Policemen arrived at Handu Gujjar in five buses at about 5am on Sunday morning and supervised the demolishing of the boundary wall in less than 20 minutes. District and town officials said the construction was illegal because the town authorities did not approve the plan.
Local Ahmadis believe the operation was a result of a campaign started by extremist clerics and religious organisations that had said the fencing of the graveyard was an attempt to create a “mini Rabwah”.
Several religious organisations had put up provocative banners and clerics were giving hate speeches in mosques urging to Muslims to wage a jihad against Ahamdis. The city police did not take action on the hate campaign.
Wagah Town officials had served a notice on the Ahamdiyya community several days ago, saying the construction of the boundary wall was illegal. Another notice was served on Saturday (April 21), asking the community to respond within three days. Town officials disregarded the deadline however and told police to bulldoze the boundary wall. Town nazim Khalid Ghurki said the notices were served on his directives. He did not rule out pressure from clerics as one of the reasons for stopping the construction. “We would have faced this pressure, but the construction of the wall was illegal,” he said, adding, “The issue was discussed with the district government, which made the final decision.” Town municipal officer Muhammad Rizwan said he did not know anything about the issue or the notices. A senior official, asking not to be named because of the sensitivity of the issue, told Daily Times that the government had decided to raze the wall under pressure from “certain elements” for the fear that the issue may ignite into a major problem for the government.
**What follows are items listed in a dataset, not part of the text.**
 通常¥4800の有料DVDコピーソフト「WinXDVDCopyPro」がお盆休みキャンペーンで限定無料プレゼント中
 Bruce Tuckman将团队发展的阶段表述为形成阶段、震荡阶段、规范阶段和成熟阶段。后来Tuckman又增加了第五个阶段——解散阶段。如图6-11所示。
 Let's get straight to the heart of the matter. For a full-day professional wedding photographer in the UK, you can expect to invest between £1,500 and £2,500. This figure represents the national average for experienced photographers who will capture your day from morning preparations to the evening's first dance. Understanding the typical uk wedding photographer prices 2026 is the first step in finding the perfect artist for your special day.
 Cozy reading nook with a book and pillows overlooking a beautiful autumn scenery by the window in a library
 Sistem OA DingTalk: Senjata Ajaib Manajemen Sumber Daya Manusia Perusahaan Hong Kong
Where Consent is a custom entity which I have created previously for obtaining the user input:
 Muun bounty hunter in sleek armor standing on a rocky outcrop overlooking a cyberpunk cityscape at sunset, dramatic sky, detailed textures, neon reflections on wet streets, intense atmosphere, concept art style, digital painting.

He also said that the construction of the wall was illegal. The area of the land was more than 14 acres, he said, and the statement that it was meant for a graveyard did not “make sense”.
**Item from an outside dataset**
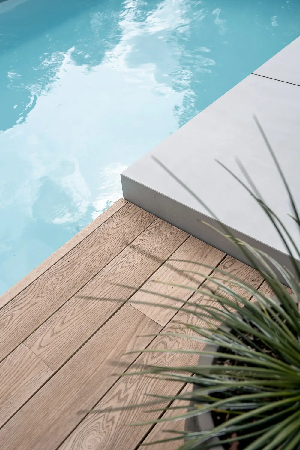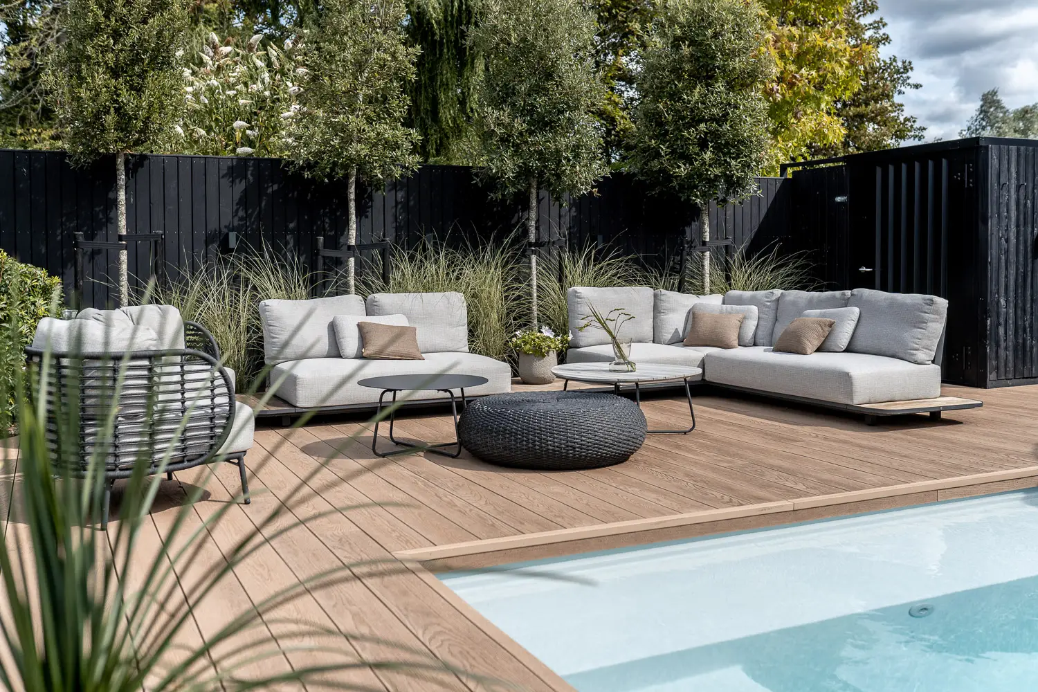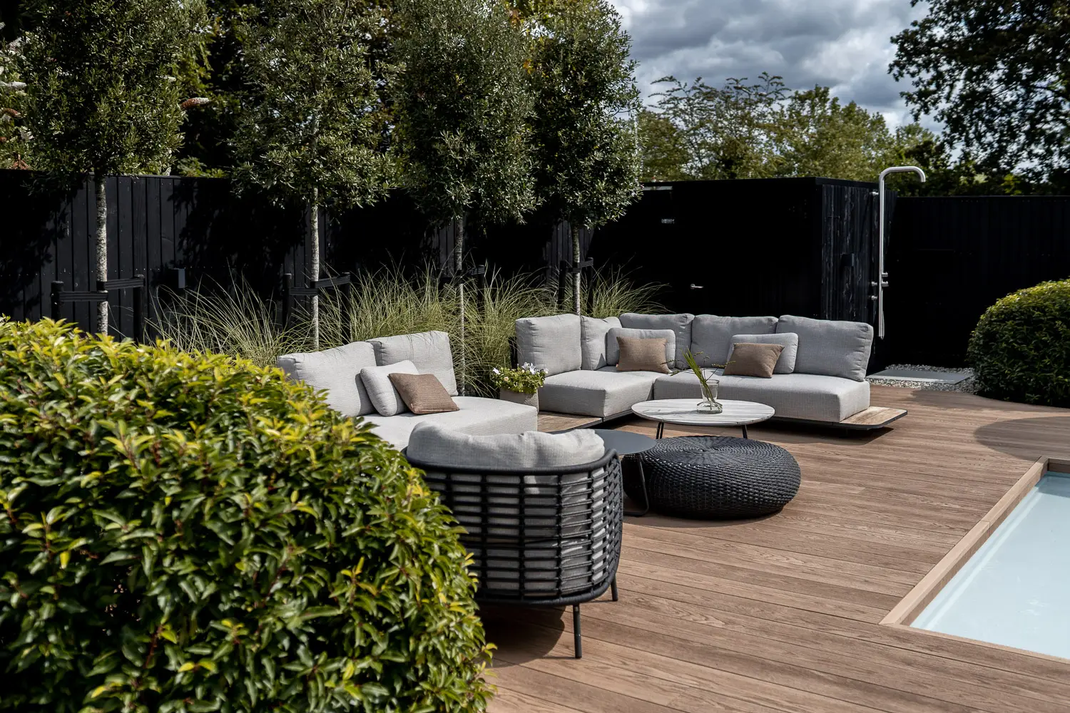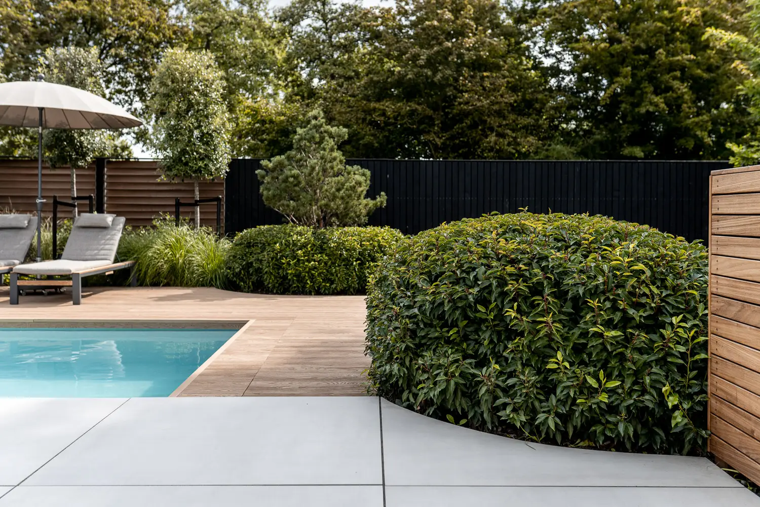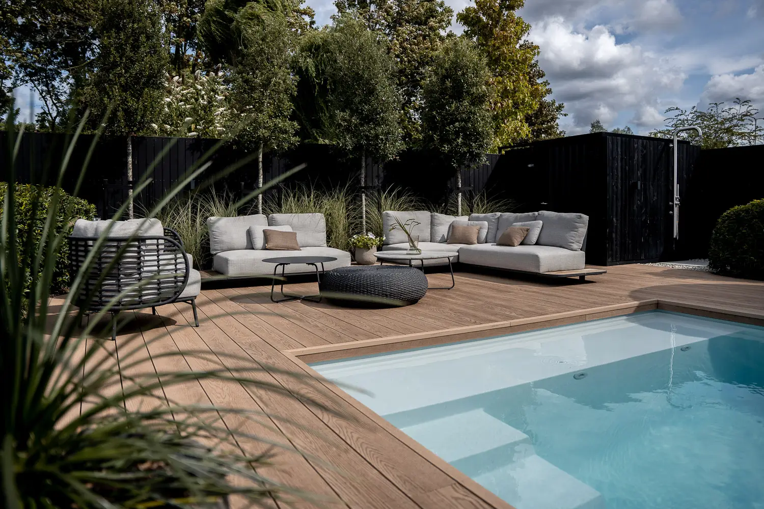 Blikvanger in de tuin is het zwembad, omringd door royale terrassen die volop ruimte bieden om te relaxen. De combinatie van een duurzame composiete vlonder en keramische maatwerk tegels zorgt voor een strakke en onderhoudsvriendelijke afwerking. Voor de kinderen is er een ingegraven trampoline, zodat zij veilig en onbezorgd kunnen spelen.

The affected community had the right to submit a construction plan to the town government, he said, and the matter could then be resolved under the law. “We will also have to see if the law allow the Ahmadiyya community to construct the boundary wall.” The issue surfaced several days ago when some extremists began to provoke people against the extension of an Ahmadi graveyard in Handu Gujjar, seven miles from Shalimar Gardens off the Grand Trunk Road going towards Wagah.
The community had bought six acres to extend an existing cemetery, but local clerics – allegedly from Sunni Tehrik and Tehrik-e-Tahafaz-e-Naomoos-e-Risalat – began to provoke the residents of the locality to oppose the construction of a boundary wall. The community had bought the land from an Ahmadi landlord because no local authority or housing society is prepared to offer them space for a cemetery in Lahore.